▸ What to produce: When a line in the listing contains the string "will", pick it out and copy it.

▸ The records:
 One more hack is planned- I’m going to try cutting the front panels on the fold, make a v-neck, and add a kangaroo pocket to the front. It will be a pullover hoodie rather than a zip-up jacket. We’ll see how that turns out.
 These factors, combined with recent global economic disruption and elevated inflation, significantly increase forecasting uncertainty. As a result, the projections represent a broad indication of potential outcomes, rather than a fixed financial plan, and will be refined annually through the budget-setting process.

---

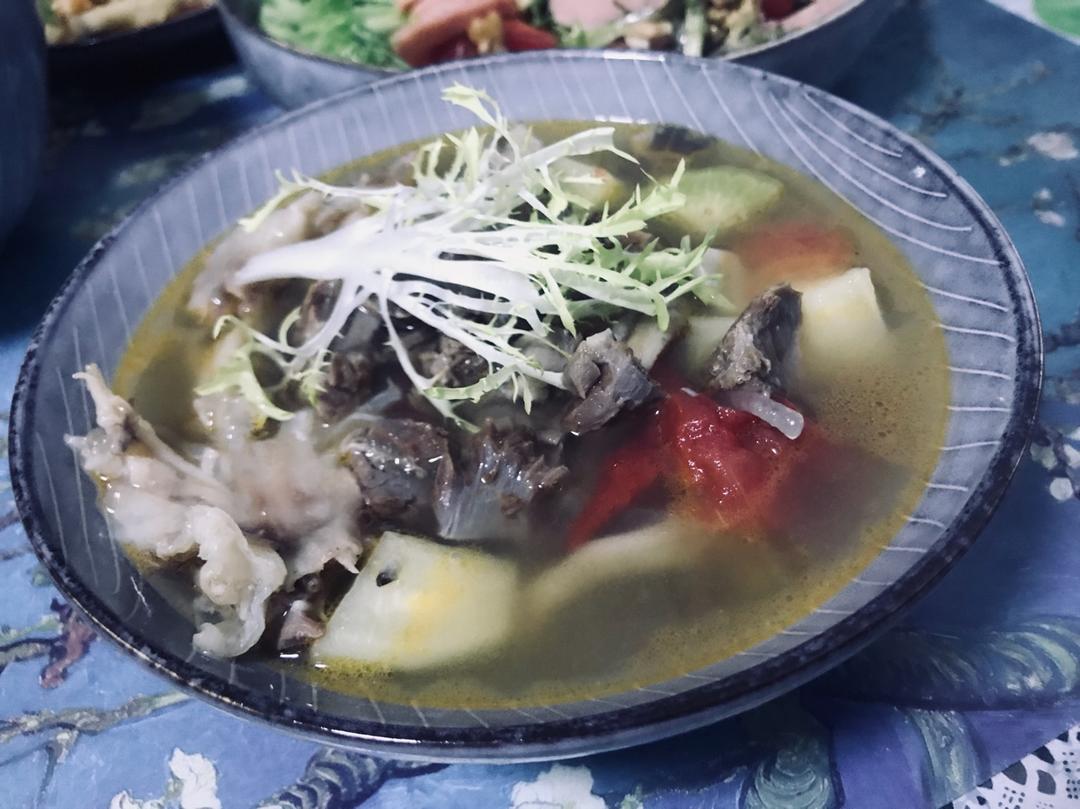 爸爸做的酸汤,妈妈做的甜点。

▸ Response to this exercise:
 One more hack is planned- I’m going to try cutting the front panels on the fold, make a v-neck, and add a kangaroo pocket to the front. It will be a pullover hoodie rather than a zip-up jacket. We’ll see how that turns out.
 These factors, combined with recent global economic disruption and elevated inflation, significantly increase forecasting uncertainty. As a result, the projections represent a broad indication of potential outcomes, rather than a fixed financial plan, and will be refined annually through the budget-setting process.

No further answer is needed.